**Task instructions**. When you reach the line with "Στο δεύτερο σκέλος, οι", start repeating the lines exactly and keep going to the end of the records, but drop every picture.

**Record set**.

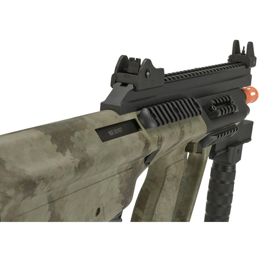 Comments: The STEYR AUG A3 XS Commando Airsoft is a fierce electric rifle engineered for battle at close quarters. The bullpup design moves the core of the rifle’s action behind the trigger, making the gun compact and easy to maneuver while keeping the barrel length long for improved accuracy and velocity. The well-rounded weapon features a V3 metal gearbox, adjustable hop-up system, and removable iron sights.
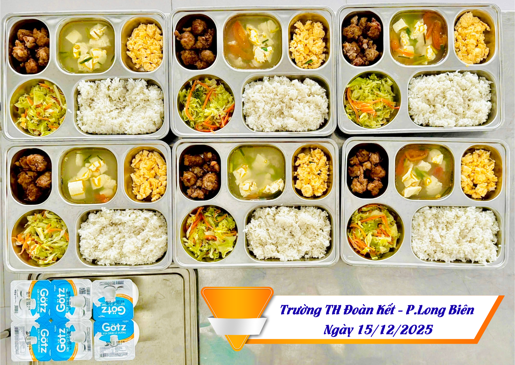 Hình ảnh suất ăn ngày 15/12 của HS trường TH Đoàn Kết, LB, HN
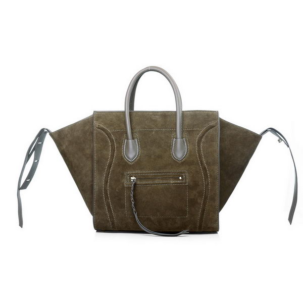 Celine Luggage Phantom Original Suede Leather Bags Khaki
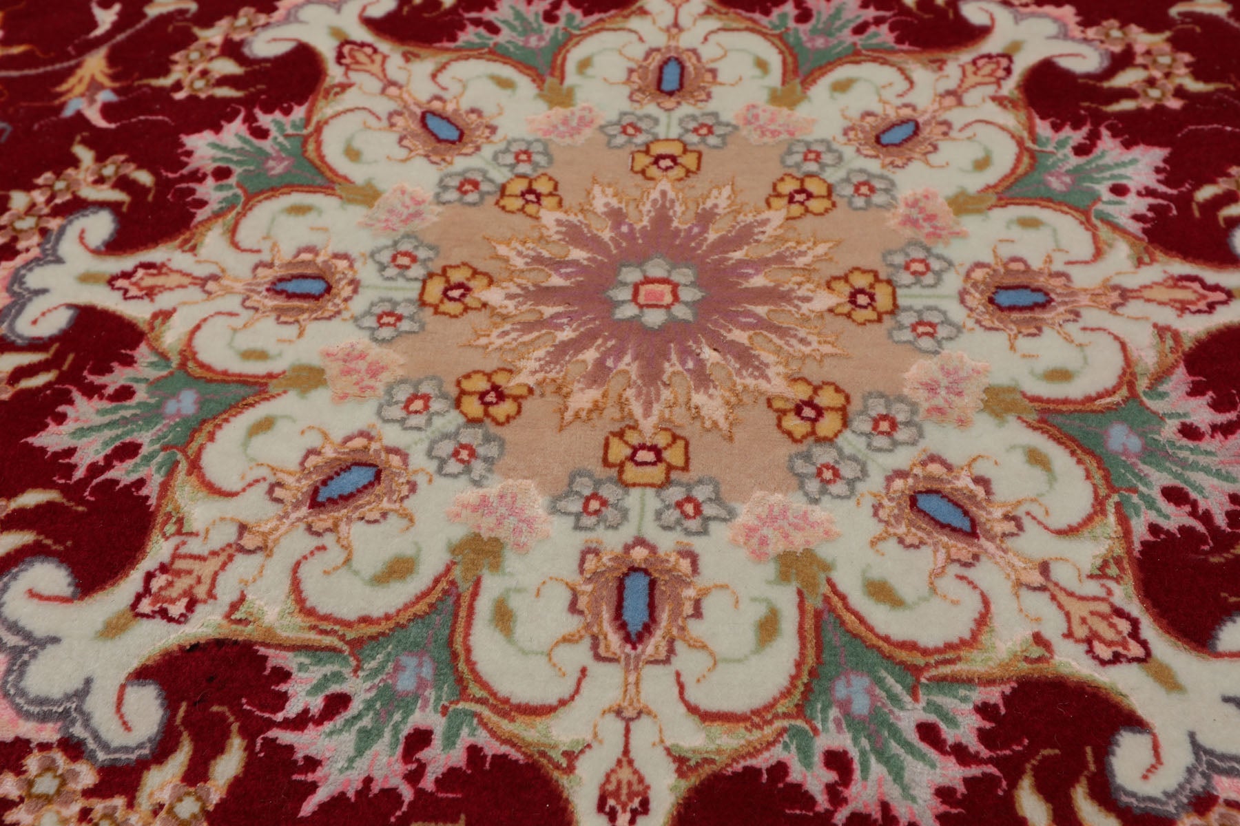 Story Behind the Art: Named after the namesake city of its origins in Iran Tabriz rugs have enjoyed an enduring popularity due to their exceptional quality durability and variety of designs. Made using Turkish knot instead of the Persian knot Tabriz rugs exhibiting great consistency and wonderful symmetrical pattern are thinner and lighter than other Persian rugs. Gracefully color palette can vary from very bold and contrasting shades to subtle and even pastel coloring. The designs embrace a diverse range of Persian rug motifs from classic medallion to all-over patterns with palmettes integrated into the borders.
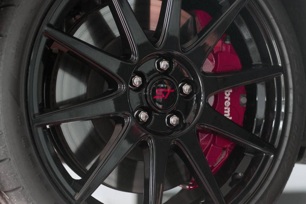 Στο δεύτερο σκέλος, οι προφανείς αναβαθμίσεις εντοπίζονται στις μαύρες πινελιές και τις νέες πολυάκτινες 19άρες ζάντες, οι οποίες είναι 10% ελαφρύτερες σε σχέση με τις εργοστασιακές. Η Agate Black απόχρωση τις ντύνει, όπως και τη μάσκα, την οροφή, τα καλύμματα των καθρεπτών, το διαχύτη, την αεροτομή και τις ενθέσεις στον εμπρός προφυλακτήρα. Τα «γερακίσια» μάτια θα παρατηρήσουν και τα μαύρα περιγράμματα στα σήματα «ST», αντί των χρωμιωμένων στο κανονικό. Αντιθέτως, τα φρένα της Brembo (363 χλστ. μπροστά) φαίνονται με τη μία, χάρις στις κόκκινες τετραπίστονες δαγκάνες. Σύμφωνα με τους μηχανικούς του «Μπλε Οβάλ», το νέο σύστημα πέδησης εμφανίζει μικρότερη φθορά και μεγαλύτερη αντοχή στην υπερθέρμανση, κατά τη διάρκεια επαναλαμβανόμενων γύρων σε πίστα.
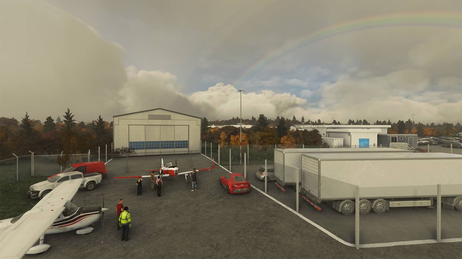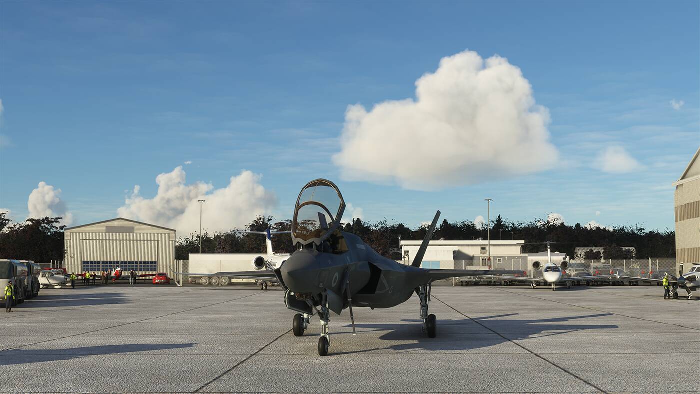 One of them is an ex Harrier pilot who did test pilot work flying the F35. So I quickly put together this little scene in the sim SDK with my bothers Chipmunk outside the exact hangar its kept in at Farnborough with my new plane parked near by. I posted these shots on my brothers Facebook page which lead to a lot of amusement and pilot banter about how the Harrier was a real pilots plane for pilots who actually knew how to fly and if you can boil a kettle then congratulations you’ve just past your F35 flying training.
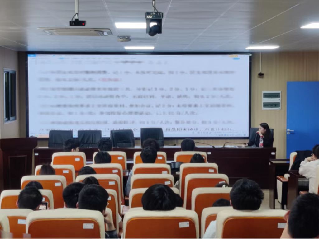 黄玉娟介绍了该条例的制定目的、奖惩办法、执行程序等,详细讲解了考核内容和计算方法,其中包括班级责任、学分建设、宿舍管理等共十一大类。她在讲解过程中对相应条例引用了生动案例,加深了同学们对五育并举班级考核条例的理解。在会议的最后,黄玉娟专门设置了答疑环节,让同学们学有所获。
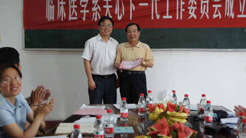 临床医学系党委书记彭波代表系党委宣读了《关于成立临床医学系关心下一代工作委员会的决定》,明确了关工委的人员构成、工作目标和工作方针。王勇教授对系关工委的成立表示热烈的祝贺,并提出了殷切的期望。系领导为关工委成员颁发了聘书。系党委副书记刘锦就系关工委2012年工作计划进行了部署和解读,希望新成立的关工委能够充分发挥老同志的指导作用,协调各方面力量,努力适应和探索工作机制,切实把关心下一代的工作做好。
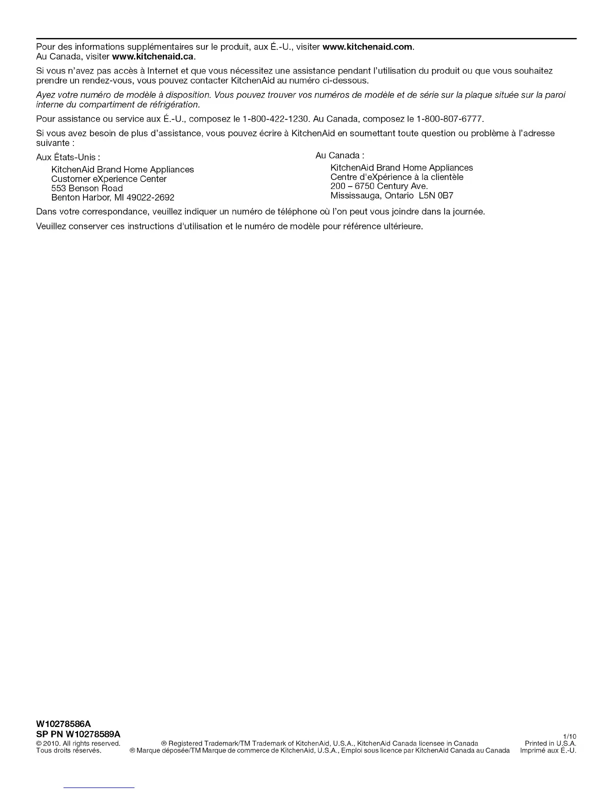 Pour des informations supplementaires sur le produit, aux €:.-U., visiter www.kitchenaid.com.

**Solution for this task**.
 Στο δεύτερο σκέλος, οι προφανείς αναβαθμίσεις εντοπίζονται στις μαύρες πινελιές και τις νέες πολυάκτινες 19άρες ζάντες, οι οποίες είναι 10% ελαφρύτερες σε σχέση με τις εργοστασιακές. Η Agate Black απόχρωση τις ντύνει, όπως και τη μάσκα, την οροφή, τα καλύμματα των καθρεπτών, το διαχύτη, την αεροτομή και τις ενθέσεις στον εμπρός προφυλακτήρα. Τα «γερακίσια» μάτια θα παρατηρήσουν και τα μαύρα περιγράμματα στα σήματα «ST», αντί των χρωμιωμένων στο κανονικό. Αντιθέτως, τα φρένα της Brembo (363 χλστ. μπροστά) φαίνονται με τη μία, χάρις στις κόκκινες τετραπίστονες δαγκάνες. Σύμφωνα με τους μηχανικούς του «Μπλε Οβάλ», το νέο σύστημα πέδησης εμφανίζει μικρότερη φθορά και μεγαλύτερη αντοχή στην υπερθέρμανση, κατά τη διάρκεια επαναλαμβανόμενων γύρων σε πίστα.
 One of them is an ex Harrier pilot who did test pilot work flying the F35. So I quickly put together this little scene in the sim SDK with my bothers Chipmunk outside the exact hangar its kept in at Farnborough with my new plane parked near by. I posted these shots on my brothers Facebook page which lead to a lot of amusement and pilot banter about how the Harrier was a real pilots plane for pilots who actually knew how to fly and if you can boil a kettle then congratulations you’ve just past your F35 flying training.
 黄玉娟介绍了该条例的制定目的、奖惩办法、执行程序等,详细讲解了考核内容和计算方法,其中包括班级责任、学分建设、宿舍管理等共十一大类。她在讲解过程中对相应条例引用了生动案例,加深了同学们对五育并举班级考核条例的理解。在会议的最后,黄玉娟专门设置了答疑环节,让同学们学有所获。
 临床医学系党委书记彭波代表系党委宣读了《关于成立临床医学系关心下一代工作委员会的决定》,明确了关工委的人员构成、工作目标和工作方针。王勇教授对系关工委的成立表示热烈的祝贺,并提出了殷切的期望。系领导为关工委成员颁发了聘书。系党委副书记刘锦就系关工委2012年工作计划进行了部署和解读,希望新成立的关工委能够充分发挥老同志的指导作用,协调各方面力量,努力适应和探索工作机制,切实把关心下一代的工作做好。
 Pour des informations supplementaires sur le produit, aux €:.-U., visiter www.kitchenaid.com.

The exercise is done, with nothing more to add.